The task:
Repeat exactly, and only, the lines of the entries below from the one with "大家好,智能语音交互关键技术" through the one with "The Nantucket Beach", both ends included.

*** Opening of Material shown ***

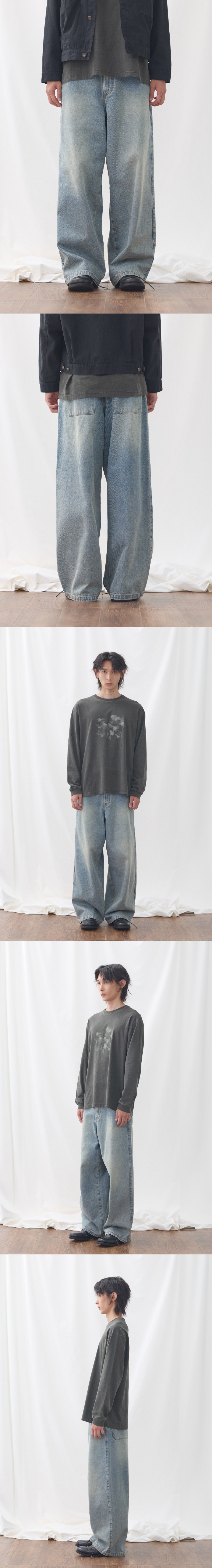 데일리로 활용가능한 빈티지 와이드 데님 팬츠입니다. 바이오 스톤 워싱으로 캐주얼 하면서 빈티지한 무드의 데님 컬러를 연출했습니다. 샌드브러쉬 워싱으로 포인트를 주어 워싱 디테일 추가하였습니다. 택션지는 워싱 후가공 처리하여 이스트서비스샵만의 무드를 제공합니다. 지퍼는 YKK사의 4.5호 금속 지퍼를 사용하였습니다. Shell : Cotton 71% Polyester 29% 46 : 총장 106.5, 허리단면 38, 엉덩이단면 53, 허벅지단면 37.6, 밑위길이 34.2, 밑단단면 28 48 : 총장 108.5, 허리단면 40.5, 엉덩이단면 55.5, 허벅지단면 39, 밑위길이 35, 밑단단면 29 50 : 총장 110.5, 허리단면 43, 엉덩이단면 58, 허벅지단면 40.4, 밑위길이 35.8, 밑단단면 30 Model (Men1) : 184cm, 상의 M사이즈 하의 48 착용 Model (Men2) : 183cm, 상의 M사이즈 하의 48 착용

*** Close of Material shown ***
*** Opening of Material shown ***

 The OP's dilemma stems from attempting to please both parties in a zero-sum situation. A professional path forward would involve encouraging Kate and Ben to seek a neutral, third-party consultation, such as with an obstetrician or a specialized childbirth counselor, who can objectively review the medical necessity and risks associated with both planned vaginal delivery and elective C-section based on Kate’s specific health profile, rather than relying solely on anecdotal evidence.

*** Close of Material shown ***
*** Opening of Material shown ***

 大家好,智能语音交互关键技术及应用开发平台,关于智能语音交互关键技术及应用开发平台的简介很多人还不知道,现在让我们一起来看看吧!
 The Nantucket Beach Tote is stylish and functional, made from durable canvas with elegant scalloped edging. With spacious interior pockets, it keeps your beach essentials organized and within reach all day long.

*** Close of Material shown ***

Solution for this task:
 大家好,智能语音交互关键技术及应用开发平台,关于智能语音交互关键技术及应用开发平台的简介很多人还不知道,现在让我们一起来看看吧!
 The Nantucket Beach Tote is stylish and functional, made from durable canvas with elegant scalloped edging. With spacious interior pockets, it keeps your beach essentials organized and within reach all day long.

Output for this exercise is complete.